Because the reads are not present in the bamout file, the region is not being called as an active region. Have you checked the mapping qualities of the reads in the region, as well as the base qualities around the site? Active regions may not be triggered because of low quality scores.

I hope these help!

-Sheila

Hi again,

Can you upload a snippet of the region so we can replicate the issue? Instruction on how to do so are here: http://gatkforums.broadinstitute.org/discussion/1894/how-do-i-submit-a-detailed-bug-report

Thanks, Sheila

• FrancePosts: 13Member

Hi Sheila,

Sorry for the slow response. Thanks for the links. Indeed, the reads in the region have low MQ scores and BQ scores because it is highly repetitive and also polymorphic. I was just curious why UG called it but not HC, but that may have to also do with the specific command line used by the sequencing centre. I have uploaded the snippet file of the bam onto the ftp (prasad.snippet.bam) and the corresponding index file. Please do let me know if you need something else.

Thanks, Megana

Hi Megana,

I just submitted a bug report. I am not sure when this will be fixed, but thank you for sharing this! We are looking for test cases that are verified variants that are not picked up by Haplotype Caller.
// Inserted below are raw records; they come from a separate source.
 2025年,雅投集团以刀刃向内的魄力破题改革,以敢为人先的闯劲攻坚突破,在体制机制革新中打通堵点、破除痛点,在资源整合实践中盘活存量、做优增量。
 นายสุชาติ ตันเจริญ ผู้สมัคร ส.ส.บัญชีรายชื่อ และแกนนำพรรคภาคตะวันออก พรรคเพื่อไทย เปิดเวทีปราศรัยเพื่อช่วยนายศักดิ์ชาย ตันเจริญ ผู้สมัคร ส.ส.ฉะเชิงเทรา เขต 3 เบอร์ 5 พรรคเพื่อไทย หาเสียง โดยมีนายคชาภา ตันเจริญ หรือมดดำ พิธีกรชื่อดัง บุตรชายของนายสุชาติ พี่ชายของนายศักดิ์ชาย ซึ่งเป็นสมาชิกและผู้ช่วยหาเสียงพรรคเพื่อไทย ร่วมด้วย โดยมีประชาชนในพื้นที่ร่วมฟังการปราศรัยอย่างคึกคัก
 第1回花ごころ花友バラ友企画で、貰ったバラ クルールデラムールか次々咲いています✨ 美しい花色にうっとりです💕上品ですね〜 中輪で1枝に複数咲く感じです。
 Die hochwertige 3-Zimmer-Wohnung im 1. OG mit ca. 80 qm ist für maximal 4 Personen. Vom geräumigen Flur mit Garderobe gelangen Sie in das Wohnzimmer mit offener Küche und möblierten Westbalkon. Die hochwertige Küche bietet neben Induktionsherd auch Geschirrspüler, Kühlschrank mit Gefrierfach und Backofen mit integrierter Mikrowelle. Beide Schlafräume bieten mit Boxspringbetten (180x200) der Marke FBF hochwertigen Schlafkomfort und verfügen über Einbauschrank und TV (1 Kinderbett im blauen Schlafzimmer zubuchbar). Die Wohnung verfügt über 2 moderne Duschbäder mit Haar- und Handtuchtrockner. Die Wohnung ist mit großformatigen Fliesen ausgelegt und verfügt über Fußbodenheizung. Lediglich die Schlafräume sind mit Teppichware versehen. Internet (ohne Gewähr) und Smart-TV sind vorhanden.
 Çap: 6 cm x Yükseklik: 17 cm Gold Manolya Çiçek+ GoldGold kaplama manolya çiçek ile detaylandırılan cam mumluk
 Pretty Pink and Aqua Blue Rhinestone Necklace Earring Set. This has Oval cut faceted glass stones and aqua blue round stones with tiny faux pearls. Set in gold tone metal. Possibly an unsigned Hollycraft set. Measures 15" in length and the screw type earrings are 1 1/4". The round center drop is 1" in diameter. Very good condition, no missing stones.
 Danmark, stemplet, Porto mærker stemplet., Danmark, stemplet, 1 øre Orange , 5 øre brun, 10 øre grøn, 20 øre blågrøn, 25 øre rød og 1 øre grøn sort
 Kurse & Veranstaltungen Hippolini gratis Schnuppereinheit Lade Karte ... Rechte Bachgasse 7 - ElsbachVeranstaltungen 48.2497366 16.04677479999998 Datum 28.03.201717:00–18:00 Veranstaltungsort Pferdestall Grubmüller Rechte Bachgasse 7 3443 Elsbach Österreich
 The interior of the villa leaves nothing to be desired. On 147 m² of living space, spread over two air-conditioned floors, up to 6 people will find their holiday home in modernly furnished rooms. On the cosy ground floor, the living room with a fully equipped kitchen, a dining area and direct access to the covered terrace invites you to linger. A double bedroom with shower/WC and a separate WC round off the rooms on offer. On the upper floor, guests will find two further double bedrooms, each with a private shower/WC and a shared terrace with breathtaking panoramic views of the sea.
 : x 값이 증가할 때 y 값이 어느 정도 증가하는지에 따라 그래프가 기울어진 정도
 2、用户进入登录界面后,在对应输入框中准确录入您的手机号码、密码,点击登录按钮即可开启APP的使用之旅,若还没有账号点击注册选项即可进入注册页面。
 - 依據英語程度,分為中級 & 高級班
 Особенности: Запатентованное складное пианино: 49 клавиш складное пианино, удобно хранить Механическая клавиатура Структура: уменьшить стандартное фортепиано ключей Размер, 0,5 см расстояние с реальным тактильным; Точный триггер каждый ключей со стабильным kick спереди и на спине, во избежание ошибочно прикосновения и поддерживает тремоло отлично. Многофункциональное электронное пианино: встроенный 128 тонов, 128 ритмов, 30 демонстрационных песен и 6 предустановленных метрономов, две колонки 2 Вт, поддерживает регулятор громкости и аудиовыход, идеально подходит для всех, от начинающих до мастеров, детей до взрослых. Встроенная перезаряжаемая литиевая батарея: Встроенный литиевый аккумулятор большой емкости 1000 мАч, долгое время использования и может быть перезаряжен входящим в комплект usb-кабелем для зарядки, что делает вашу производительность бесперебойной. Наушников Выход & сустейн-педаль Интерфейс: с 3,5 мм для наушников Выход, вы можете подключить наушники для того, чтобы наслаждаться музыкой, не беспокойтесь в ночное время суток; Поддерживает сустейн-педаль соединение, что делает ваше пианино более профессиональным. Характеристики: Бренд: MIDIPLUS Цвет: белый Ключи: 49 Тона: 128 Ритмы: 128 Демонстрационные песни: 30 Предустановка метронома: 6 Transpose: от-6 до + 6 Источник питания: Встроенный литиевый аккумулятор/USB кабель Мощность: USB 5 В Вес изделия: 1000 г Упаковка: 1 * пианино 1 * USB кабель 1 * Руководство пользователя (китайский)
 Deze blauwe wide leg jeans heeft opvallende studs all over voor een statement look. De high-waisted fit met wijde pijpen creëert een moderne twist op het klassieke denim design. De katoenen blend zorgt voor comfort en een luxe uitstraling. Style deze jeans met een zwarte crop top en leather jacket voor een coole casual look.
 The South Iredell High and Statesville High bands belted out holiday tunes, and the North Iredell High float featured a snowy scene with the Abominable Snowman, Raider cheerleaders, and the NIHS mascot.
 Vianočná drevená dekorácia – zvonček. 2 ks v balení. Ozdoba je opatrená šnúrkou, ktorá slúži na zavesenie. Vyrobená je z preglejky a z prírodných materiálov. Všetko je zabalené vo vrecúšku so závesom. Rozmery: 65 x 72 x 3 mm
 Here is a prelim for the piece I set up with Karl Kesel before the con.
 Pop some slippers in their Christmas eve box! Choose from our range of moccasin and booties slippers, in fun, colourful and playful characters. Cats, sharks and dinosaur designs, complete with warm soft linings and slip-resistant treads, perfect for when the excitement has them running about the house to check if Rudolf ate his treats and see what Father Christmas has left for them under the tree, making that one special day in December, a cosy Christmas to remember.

I will keep you updated on the status.

-Sheila

• FrancePosts: 13Member

@Geraldine_VdAuwera

I took your suggestion and ran Haplotype caller without the confidence threshold parameters but then tried to use them with the GenotypeGVCF tool. But it is throwing up an error. Here is my command line and the error

java -jar /home/megana/Desktop/Sequence_Analysis_Tools/GATK_Tools/GATK/GenomeAnalysisTK.jar -T GenotypeGVCFs -R /home/megana/Desktop/Sequence_Analysis_Tools/GATK_Tools/resource_bundle/GRCh37/human_g1k_v37.fasta -stand_emit_conf 10 -stand_call_conf 30 --variant '/media/newdrive/REANALYSIS/Plaquettes/Plaq-M.aligned.sorted.dedup.realign.recal.gvcf' --variant '/media/newdrive/REANALYSIS/Plaquettes/Plaq-J.aligned.sorted.dedup.realign.recal.gvcf' --variant '/media/newdrive/REANALYSIS/Plaquettes/Plaq-H.aligned.sorted.dedup.realign.recal.gvcf' --variant '/media/newdrive/REANALYSIS/Plaquettes/Plaq-F.aligned.sorted.dedup.realign.recal.gvcf' --variant '/media/newdrive/REANALYSIS/Plaquettes/Plaq-CH.aligned.sorted.dedup.realign.recal.gvcf' --variant '/media/newdrive/REANALYSIS/Plaquettes/Plaq-CA.aligned.sorted.dedup.realign.recal.gvcf' -o '/media/newdrive/REANALYSIS/Plaquettes/plaquettes.rawvariants.vcf'

ERROR ------------------------------------------------------------------------------------------

##### ERROR MESSAGE: Argument with name 'stand_emit_conf' isn't defined.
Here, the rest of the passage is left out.